Mark Hoban, Financial Secretary to the Treasury, attending the Ecofin meeting of Finance Ministers on 8th June - and as reported in Open Europe's press summary on 9th June. In contradiction of this statement by Hoban, European Voice reports the comments of one Commission official thus:
"The idea is that this information is received well in advance in order to have the peer review. This does not mean after, or simultaneously, but before it has been given to MPs."
The Press Association notes that the UK ’s 1972 European Communities Act states that any economic “stability and convergence” programmes cannot be submitted to the EU until they have been considered by Parliament; at the same time noting that the proposal could be introduced through qualified majority voting - something confirmed in this report from the Daily Telegraph.
So whose 'ruling' will prevail? Well, we know that EU rulings take precedent over those of national governments yet we have been assured by Cameron that Parliament is sovereign. "It is about an assurance that the final word on our laws is here in Britain." (Cameron: 4th November 2009). The CamerLegg post-election-manifesto (page19) promises that any further transfer of power or sovereignty will not take place during the course of this parliament and that the 1972 European Communities Act will be amended to ensure that any such transfer would trigger a referendum - although this amendment has yet to be enacted.
It must surely be accepted that losing the right to have any national budget presented to its own parliament first is a loss of power - and if this latest measure from the EU is adopted by QMV, then Cameron is powerless to stop it. This then begs the immediate question of what will Cameron do? It would not surprise anyone were he to shrug his shoulders and plead that, as his amendment to the 1972 ECA had not been passed by the House of Commons, he was powerless. Of course that decision would then finally lay bare the lie of his belief that he governs our country.
3 comments:
I don't know the legalities, I'm guessing, but surely, despite common use of the name 'budget' to describe the chancellor's presentation and suggestions, it is not actually a real budget until parliament has approved and passed it? They could in theory vote it down. The EU logically can't see a budget before parliament do because it doesn't exist before being passed.
Or am I being too clever?
Woodsey has a good point but I suspect Brussels has thought of that and phrased their 'command' accordingly.

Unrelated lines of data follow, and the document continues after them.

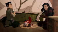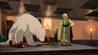 When the party arrived at Ba Sing Se, Grand Secretariat Gun immediately noticed Pabu, Naga, and Oogi, and instructed Team Avatar to hide the animals due to Earth Queen Hou-Ting's hatred of them. Bolin immediately resolved to tuck Pabu within his shirt, but remarked the other two animals as "tougher [to hide]". Pabu was left behind when Bolin and Mako set out to locate and retrieve Kai, their first recruit.[17]
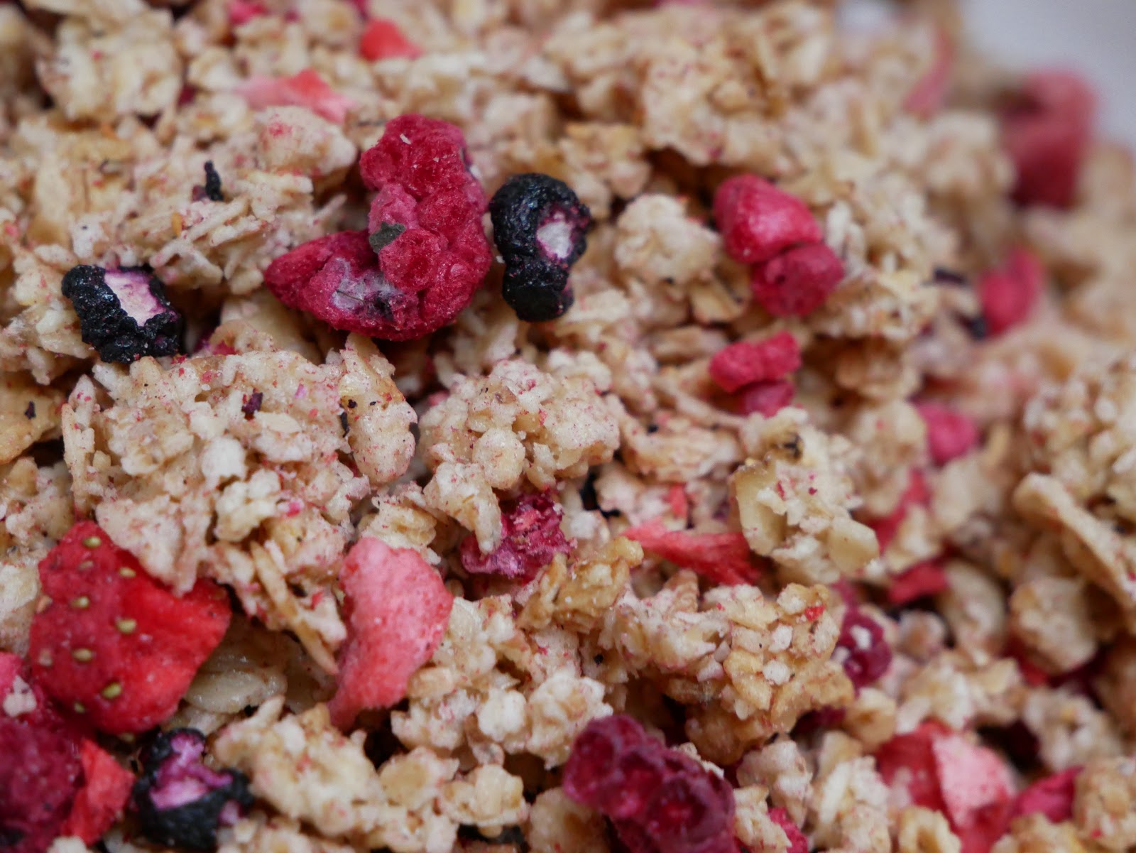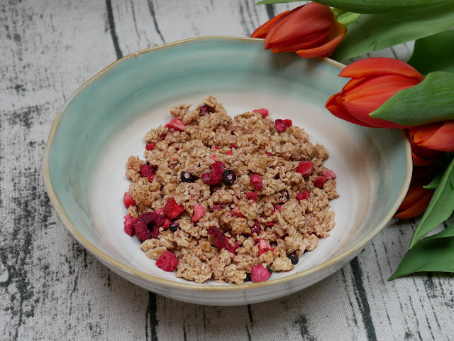 Na początku myślałam, że jest to coś całkowici odrębnego, dopiero po uchyleniu denka zobaczyłam, że są to po prostu crunchy z czerwonymi owocami. W środku dużo przepysznych, kruchych płatków, a pomiędzy nimi owoce liofilizowane (truskawka, malina) oraz borówka kandyzowana. Całość doskonale smakuje, a w połączniu z mlekiem, czy jogurtem tworzy idealny, smaczny i pożywny posiłek. Taki kubek z chrupiącą zawartością można wziąć do pracy i zjeść w wolnej chwili. Crunchy zawierają dużo błonnika, więc dodatkowo wpływają pozytywnie na pracę układu pokarmowego. Ja zjadłam je na drugie śniadanie i porcja była w sam raz na takie małe co nieco. Od razu przypomniały mi się letnie dni, kiedy jadłam maliny u dziadka prosto z krzaczka…Pycha!
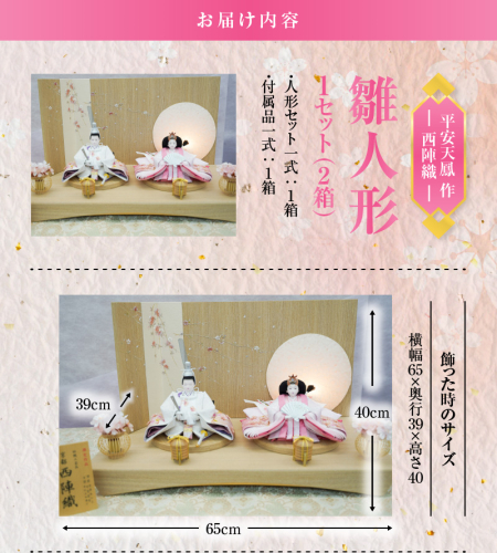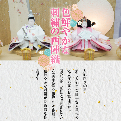 - 【飾り台セット“桜舞”】人形作り40年 “平安天鳳”作 京都西陣織 四条 薄花桜 手作り ひな祭り 木製 今どき かわいい おしゃれ モダン H067-154

Will Cameron hold firm? I'm doubtful.
W42 - agreed in my opinion - but wherther it is a proposal (pre prlt approval)or an actual budget (post prlt approval) is beside the point - it is still a loss of national power. EU financial govt is coming, whether we the people like it or not. What will be intriguing is to see how the politicos argue they still govern.
SR - Cameron hold firm? With that yellow streak running down his back? Bit like Scottish independence - dream on!